А за всем этим — может быть, болезненно преувеличивая, а скорее всего, инстинктивно предчувствуя, — видел он самое страшное: наступающее охлаждение публики. Впрочем, отчасти уже наступившее, потому что его «Вдовушка» на выставке 1851 года не произвела и малой доли того фурора, что «Сватовство майора». Если даже мудрый, до всего способный подняться и ко всему снизойти Пушкин так остро переживал в свое время откат читательских симпатий, то чего ожидать от Федотова? Еще не было произнесено слово хулы, ничто не было подвергнуто осмеянию и унижению, а уже пахнуло на него холодом и заработало его мнительное воображение; и он изливал горькие мысли в черновике бессвязного и бесполезного письма к Юлии Тарновской: «Журналы плакали, жаловались, не находя ничего моего на выставках…» Не стоит верить этим словам: он участвовал в годичной академической выставке 1851 года и уверенно предполагал участвовать в трехгодичной 1852-го, а никаких следов того, что «журналы жаловались», до сих пор не обнаружено, да, скорее всего, этого и не было.

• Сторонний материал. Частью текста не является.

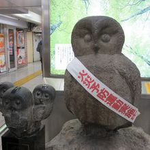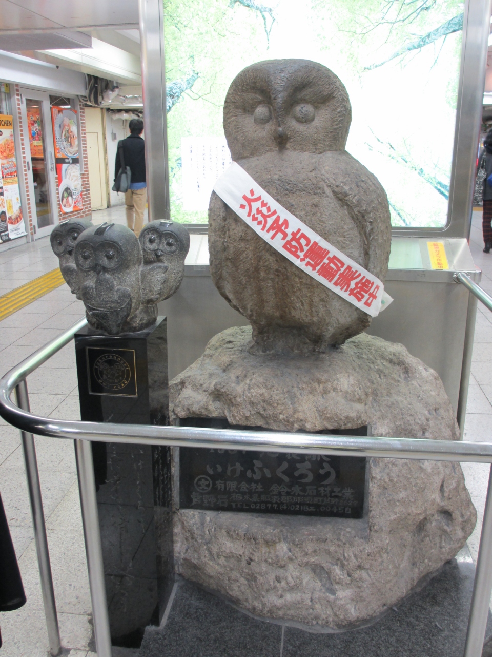 池袋駅北口から東口に向かう通路の、東口側にある1.5mほどのフクロウの像です。かつてよく利用していた池袋ですが、いつから立っているのか知りませんでした。多くの人が行き交う場所なので、あまり目立たず、ひっそり立っている感じでした。

Но было ощущение своей забытости в большом мире. «…Мой оплеванный судьбой фурор, который я произвел выставкой своих произведений, оказался не громом, а жужжанием комара, потому что в это время самым сильным действительно был гром на Западе, [когда в Европе] трещали троны. К тому же все, рождением приобретшие богатства, прижали, как зайцы уши, мешки свои со страха разлития идей коммунизма…»; «привык к моей[му] неудаче [несчастью], что выступил на сцену артистом в пору шумно политическую»; «человеческое самолюбие… ранено в самый центр». (Не гордыня ли — сетовать на то, что революция 1848 года занимает публику сильнее, чем его картины? Ах, скромнейший Павел Андреич!)